November 1, 2025
Clippy brought a calculator
word2vec-style vector arithmetic on docs embeddings
Math magic for docs sparks a comment cage match
TLDR: A doc-embedding experiment swapped “Supabase” for “Angular” and landed near Angular testing pages, scoring 0.75 similarity. Comments split: some dismiss it as GPT wrapper fluff, others propose search boosting and redirects, while skeptics report nonsense matches and ask if this is reliable.
Docs just got a dash of algebra: the author tried the old word2vec trick — think “King − Man + Woman = Queen” — but on full-document embeddings, swapping out “Supabase” for “Angular.” With custom task settings, the result leaned toward Angular’s testing pages, clocking a 0.75 similarity. Cue comment fireworks. aDyslecticCrow rolled their eyes at yet another “writing tool” that’s just a GPT wrapper, saying they’d rather stitch together rephrasings themselves. The pragmatists arrived fast: nostrebored pitched concrete wins like boosting search in the “direction” a reader is headed, which sounded like personalization without the creepy. Then the thread turned into a mini science fair when jdthedisciple ran the classic arithmetic across multiple models and posted numbers, instantly spawning leaderboard vibes and debate over what those distances even mean. Meanwhile thornton crashed the party with real-world scars: their doc2vec+c osine project produced “totally nonsensical” redirects, sparking a fight over whether this is magic, math cosplay, or just misconfiguration. The memes? Folks joked it’s Clippy with a calculator and “Google for vibes.” The mood: split between cool demo energy and show-me-the-results skepticism — exactly the kind of drama that keeps the comments spicy.
Key Points
- •The article tests word2vec-style vector arithmetic on document embeddings using EmbeddingGemma.

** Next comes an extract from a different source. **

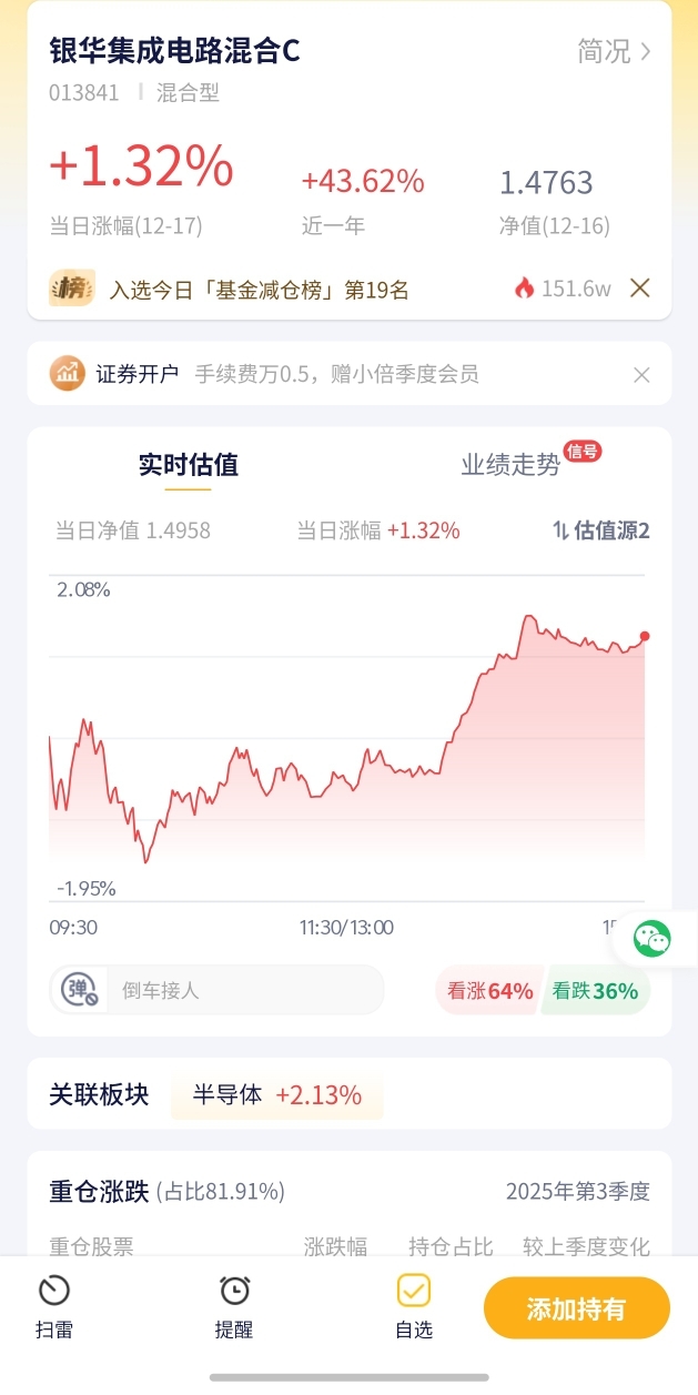 7. 【银华集成电路混合C估值播报+12.17行情】

- •Two setups are defined: (1) shift a Supabase testing doc toward Angular by subtracting 'supabase' and adding 'angular'; (2) shift topic within Supabase by subtracting 'testing' and adding 'vectors'.

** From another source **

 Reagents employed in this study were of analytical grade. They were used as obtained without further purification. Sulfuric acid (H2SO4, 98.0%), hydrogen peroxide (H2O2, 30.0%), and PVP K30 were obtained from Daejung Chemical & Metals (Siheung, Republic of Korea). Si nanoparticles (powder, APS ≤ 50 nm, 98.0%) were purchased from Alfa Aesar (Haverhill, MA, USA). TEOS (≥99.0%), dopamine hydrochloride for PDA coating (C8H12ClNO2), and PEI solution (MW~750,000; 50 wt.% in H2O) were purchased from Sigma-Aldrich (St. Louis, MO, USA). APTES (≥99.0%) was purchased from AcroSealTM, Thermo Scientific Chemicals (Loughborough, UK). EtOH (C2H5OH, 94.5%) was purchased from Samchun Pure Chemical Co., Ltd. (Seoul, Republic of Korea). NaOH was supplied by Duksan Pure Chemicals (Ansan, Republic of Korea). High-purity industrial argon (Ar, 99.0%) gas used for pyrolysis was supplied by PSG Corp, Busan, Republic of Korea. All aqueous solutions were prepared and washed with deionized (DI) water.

- •Experiments are run with default and customized task types, acknowledging their impact on embedding behavior.
- •Verification uses cosine similarity against embeddings of selected short docs from Angular, CockroachDB, Skylib, Playwright, and Supabase, constrained by a 2048-token input limit.
- •With customized task types, the first experiment’s resultant vector aligns best with Angular testing docs, including 'Testing' (Angular) at a similarity of 0.75.